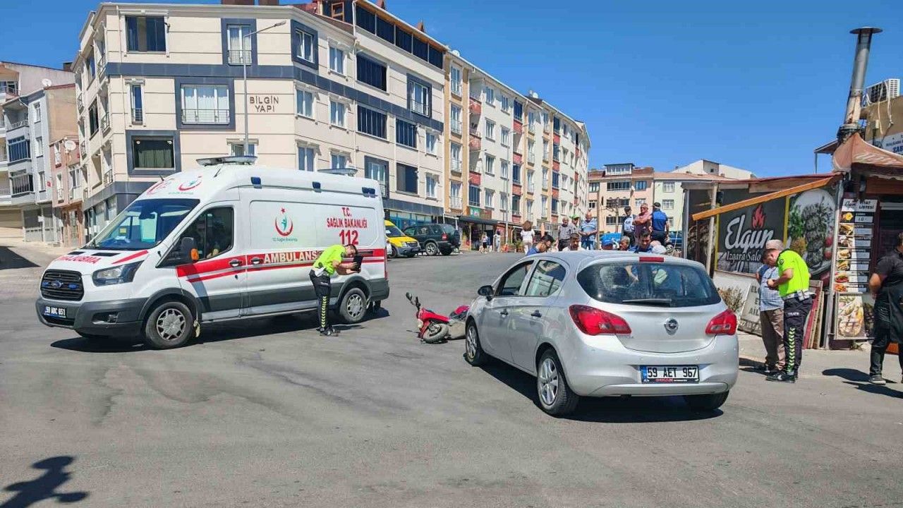 Edinilen bilgilere göre, Şehit Temizer Caddesi’nde Necmettin Y. (74) idaresindeki 59 AET 967 plakalı otomobil, pazar yerine dönüş yaptığı sırada karşı yönden gelen 34 DBB 222 plakalı motosikletle çarpıştı. Kazada motosiklet sürücüsü Yusuf A.A. hafif şekilde yaralandı. Olay yerine gelen sağlık ekipleri yaralı sürücüye ilk müdahaleyi yaparken, polis ekipleri kazayla ilgili inceleme başlattı.
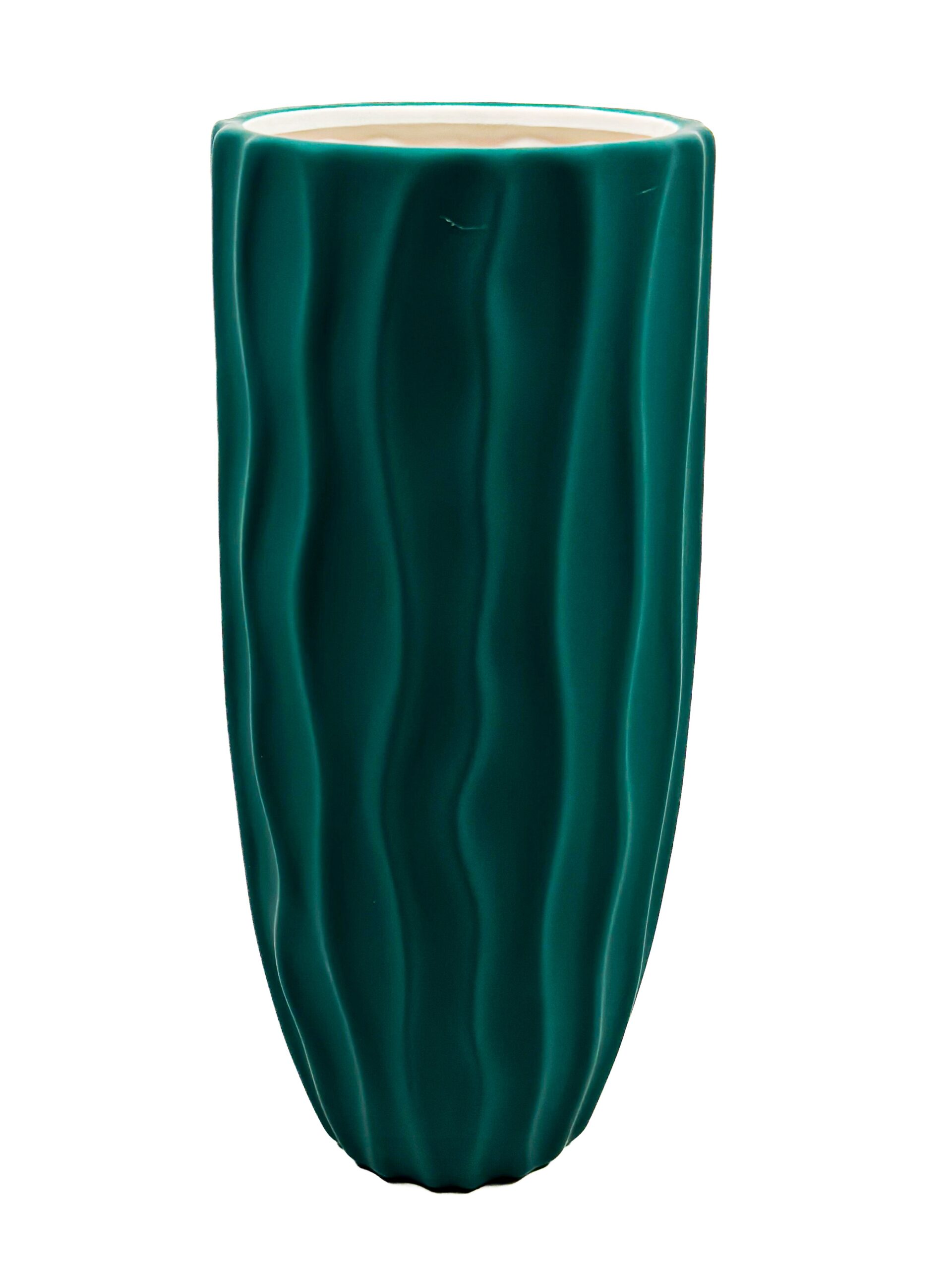 Κεραμικό Βάζο Κυματιστό Φ 12Χ29 cm Σκούρο Πράσινο
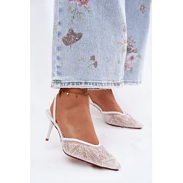 Zdobené sandály s síťkou na jehle bílé Bedira
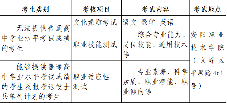 凡获得由省级招委会确定的统测项目范围内的国家二级运动员以上称号的考生,或符合“2026年单招考试职业技能比赛奖项清单”中获奖赛项之一的考生,可在规定时间内填写《安阳职业技术学院2026年优秀技能人才赋分申请表》(详见附件1),提出赋分申请,由考生所在学校负责确认考生获奖情况。
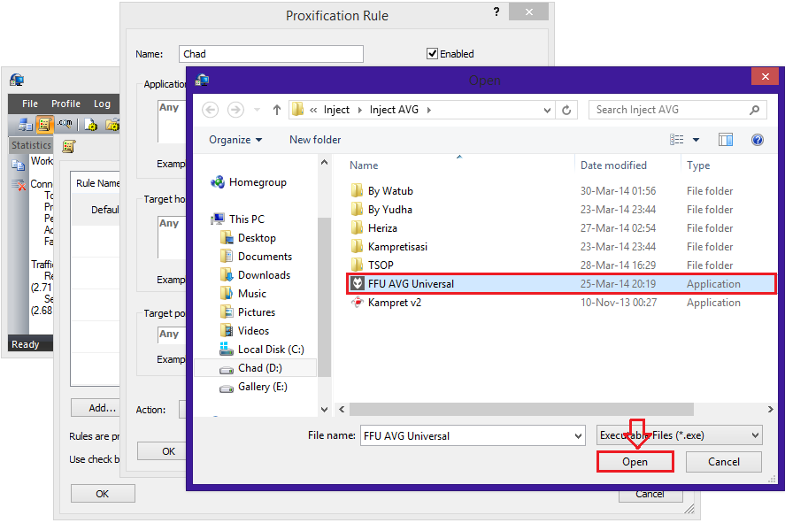 11. Langkah selanjutnya agan akan dibawa ke jendela Explorer atau tempet dimana agan menyimpan file. Kemudian agan cari dimana inject yang akan agan gunakan. Setelah ketemu, agan pilih inject tersebut kemudian klik Open.
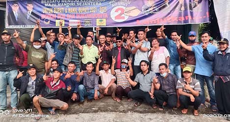Berandang-com. Kepahiang. Tim Pemenangan Paslon nomor urut 02 Kecamatan Bermani Ilir (Korcam) bersama koordinator Desa se Kecamatan Bermani Ilir hadir dalam kegiatan pemantapan pemenangan Pemilihan Bupati dan Wakil Bupati Kabupaten Kepahiang (Dayat – Nata) yang diselenggarakan di Posko Dayat Nata, di Kelurahan Keban Agung Kecamatan Bermani Ilir, Kamis sore (3/12/2020).
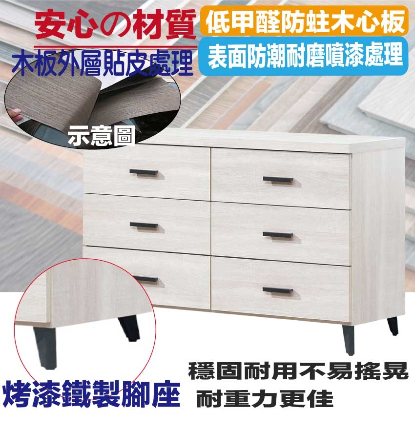 【綠家居】艾曼淺橡4尺六抽斗櫃
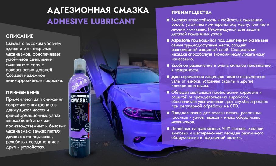 ДВИЖ Адгезионная смазка, аэрозольный баллон 650 мл. Смазка с высоким уровнем адгезии для открытых механизмов, обеспечивает устойчивое сцепление смазовочного слоя с поверхностью деталей.
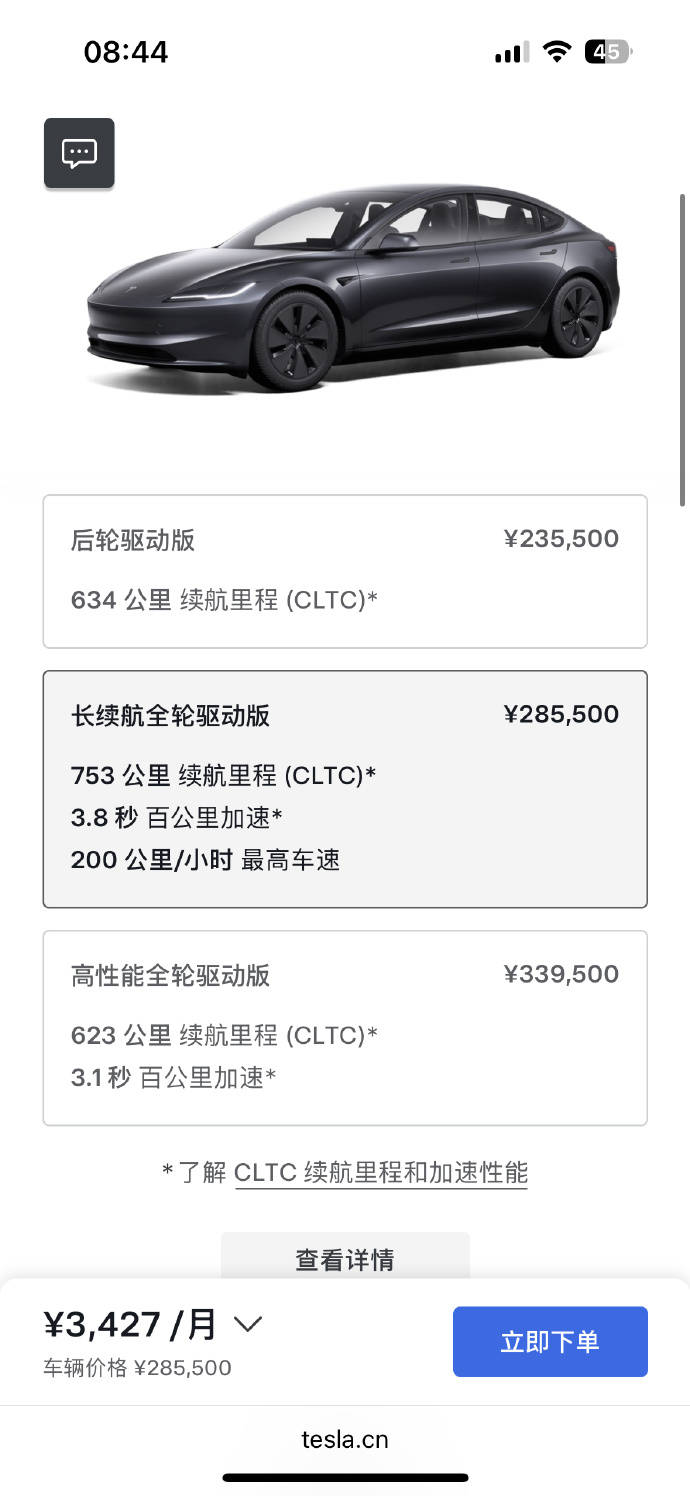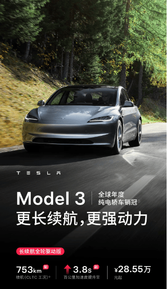 特斯拉中国官网显示,目前Model 3长续航版的售价已调整至28.55万元。Model 3长续航全轮驱动版CLTC续航增至753公里,百公里加速提升至3.8秒。此前价格为27.55万元。
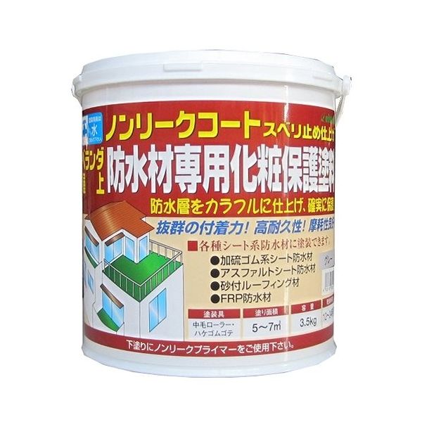 | 商品仕様1 | ●【特長】・各種シート系防水材のトップコート塗り替えに(骨材入り滑り止め仕上げ)【用途】・加硫ゴム系シート防水材、アスファルトシート防水、砂付ルーフィング材、FRP屋上防水に。【サイズ/塗り面積】・3.5kg / 5~7m2・ 10kg / 15~20m2【成分】・スチレン酢ビエマルション【うすめ液/用具の手入れ】・通常不要 / 水【乾燥時間】・12~24時間以上(気温20度時)【注意事項】・降雨・降雪・気温5度以下の時は塗装を避けてください。・防水シートの剥がれ・膨れ・劣化がある場合は塗装しないでください。(防水シートを補修する必要があります。)・既に水漏れや雨漏りが始まっている場所には使用できません。 | ||
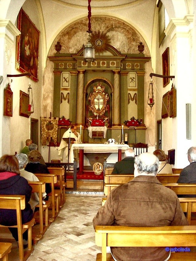 La primitiva ermita estaba al borde del arroyo, junto a la cueva donde fue hallado el Crucifijo, pero advertido el piadoso caballero D. Andrés Cabrera Mármol de que las aguas que bajaban por el arroyo destruían los cimientos de la pequeña ermita, apresuró hacer donación de un pedazo de tierra, en cuyo paraje se construyó, en 1765, el actual santuario, que está próximo al sitio de la aparición y distante kilómetro y medio de Arcos. Un año después, es decir, en 1766, Sor María Belén de San Andrés Cabrera Mármol, religiosa del convento de la Encarnación de esta ciudad, costeó, en unión de sus hermanos, la urna o relicario que guarda la venerada imagen, según consta por una inscripción que rodea el interior de la puerta del relicario.
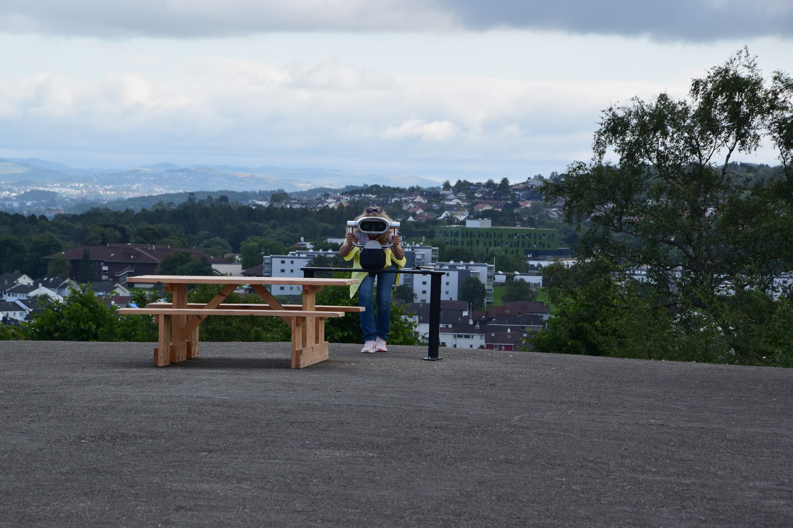 Spacerując docieramy do wieży Vålandstårnet z 1895 roku, położonej na wzgórzu z panoramą całego miasta. Na tarasie obok są lunety, ale drzewa mocno przysłaniają widok. Chyba były niższe, kiedy te lunety montowano 😉
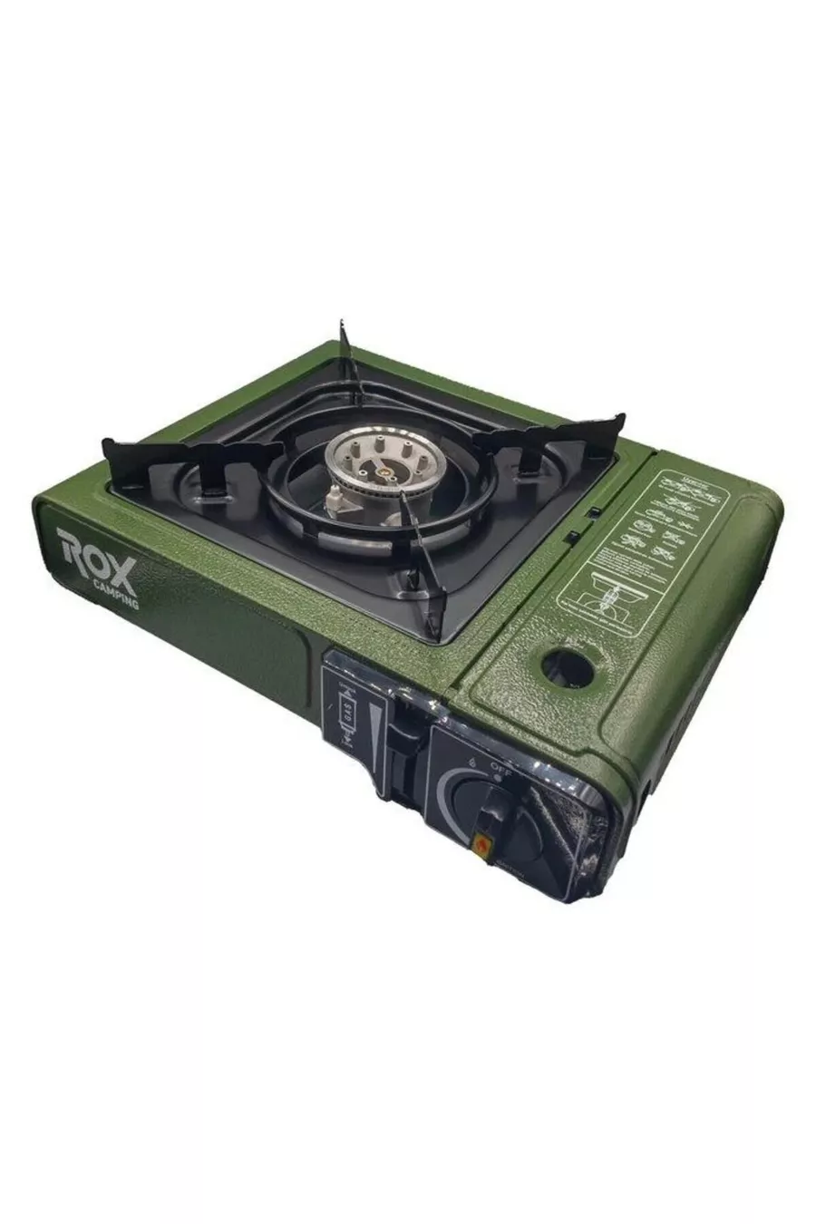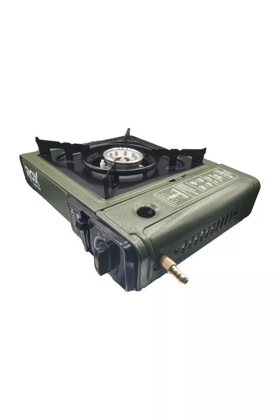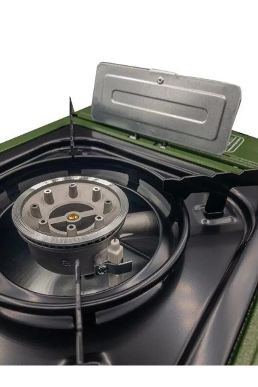Camping Fornello da Campeggio Portatile Singolo - Verde Militare, Con Paravento, Con Ingresso Gas Extra
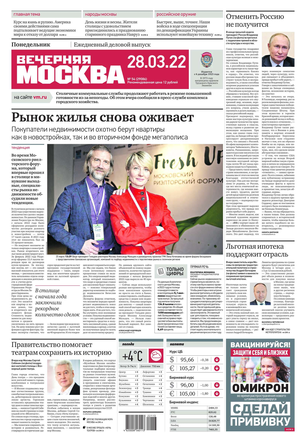 «Вечерняя Москва» — ежедневная российская вечерняя газета, старейшее из вечерних изданий в России, учрежденное в 1923 году. Выходит пять дней в неделю, кроме субботы и воскресенья. Отличается тем, что рассказывает о событиях еще не завершившегося дня. Оперативно освещает хронику и особенности жизни Москвы, охватывает все слои общества и большинство профессиональных и возрастных групп читателей.Издание представлено тремя выпусками – утренним ежедневным, вечерним (выходит три раза в неделю), еженедельным (выходит по четвергам).

## Assignment
Write out the data above in full and exactly, but not the pictures.

## Solution for this problem
 Edinilen bilgilere göre, Şehit Temizer Caddesi’nde Necmettin Y. (74) idaresindeki 59 AET 967 plakalı otomobil, pazar yerine dönüş yaptığı sırada karşı yönden gelen 34 DBB 222 plakalı motosikletle çarpıştı. Kazada motosiklet sürücüsü Yusuf A.A. hafif şekilde yaralandı. Olay yerine gelen sağlık ekipleri yaralı sürücüye ilk müdahaleyi yaparken, polis ekipleri kazayla ilgili inceleme başlattı.
 Κεραμικό Βάζο Κυματιστό Φ 12Χ29 cm Σκούρο Πράσινο
 Zdobené sandály s síťkou na jehle bílé Bedira
 凡获得由省级招委会确定的统测项目范围内的国家二级运动员以上称号的考生,或符合“2026年单招考试职业技能比赛奖项清单”中获奖赛项之一的考生,可在规定时间内填写《安阳职业技术学院2026年优秀技能人才赋分申请表》(详见附件1),提出赋分申请,由考生所在学校负责确认考生获奖情况。
 11. Langkah selanjutnya agan akan dibawa ke jendela Explorer atau tempet dimana agan menyimpan file. Kemudian agan cari dimana inject yang akan agan gunakan. Setelah ketemu, agan pilih inject tersebut kemudian klik Open.
Berandang-com. Kepahiang. Tim Pemenangan Paslon nomor urut 02 Kecamatan Bermani Ilir (Korcam) bersama koordinator Desa se Kecamatan Bermani Ilir hadir dalam kegiatan pemantapan pemenangan Pemilihan Bupati dan Wakil Bupati Kabupaten Kepahiang (Dayat – Nata) yang diselenggarakan di Posko Dayat Nata, di Kelurahan Keban Agung Kecamatan Bermani Ilir, Kamis sore (3/12/2020).
 【綠家居】艾曼淺橡4尺六抽斗櫃
 ДВИЖ Адгезионная смазка, аэрозольный баллон 650 мл. Смазка с высоким уровнем адгезии для открытых механизмов, обеспечивает устойчивое сцепление смазовочного слоя с поверхностью деталей.
 特斯拉中国官网显示,目前Model 3长续航版的售价已调整至28.55万元。Model 3长续航全轮驱动版CLTC续航增至753公里,百公里加速提升至3.8秒。此前价格为27.55万元。
 | 商品仕様1 | ●【特長】・各種シート系防水材のトップコート塗り替えに(骨材入り滑り止め仕上げ)【用途】・加硫ゴム系シート防水材、アスファルトシート防水、砂付ルーフィング材、FRP屋上防水に。【サイズ/塗り面積】・3.5kg / 5~7m2・ 10kg / 15~20m2【成分】・スチレン酢ビエマルション【うすめ液/用具の手入れ】・通常不要 / 水【乾燥時間】・12~24時間以上(気温20度時)【注意事項】・降雨・降雪・気温5度以下の時は塗装を避けてください。・防水シートの剥がれ・膨れ・劣化がある場合は塗装しないでください。(防水シートを補修する必要があります。)・既に水漏れや雨漏りが始まっている場所には使用できません。 | ||
 La primitiva ermita estaba al borde del arroyo, junto a la cueva donde fue hallado el Crucifijo, pero advertido el piadoso caballero D. Andrés Cabrera Mármol de que las aguas que bajaban por el arroyo destruían los cimientos de la pequeña ermita, apresuró hacer donación de un pedazo de tierra, en cuyo paraje se construyó, en 1765, el actual santuario, que está próximo al sitio de la aparición y distante kilómetro y medio de Arcos. Un año después, es decir, en 1766, Sor María Belén de San Andrés Cabrera Mármol, religiosa del convento de la Encarnación de esta ciudad, costeó, en unión de sus hermanos, la urna o relicario que guarda la venerada imagen, según consta por una inscripción que rodea el interior de la puerta del relicario.
 Spacerując docieramy do wieży Vålandstårnet z 1895 roku, położonej na wzgórzu z panoramą całego miasta. Na tarasie obok są lunety, ale drzewa mocno przysłaniają widok. Chyba były niższe, kiedy te lunety montowano 😉
Camping Fornello da Campeggio Portatile Singolo - Verde Militare, Con Paravento, Con Ingresso Gas Extra
 «Вечерняя Москва» — ежедневная российская вечерняя газета, старейшее из вечерних изданий в России, учрежденное в 1923 году. Выходит пять дней в неделю, кроме субботы и воскресенья. Отличается тем, что рассказывает о событиях еще не завершившегося дня. Оперативно освещает хронику и особенности жизни Москвы, охватывает все слои общества и большинство профессиональных и возрастных групп читателей.Издание представлено тремя выпусками – утренним ежедневным, вечерним (выходит три раза в неделю), еженедельным (выходит по четвергам).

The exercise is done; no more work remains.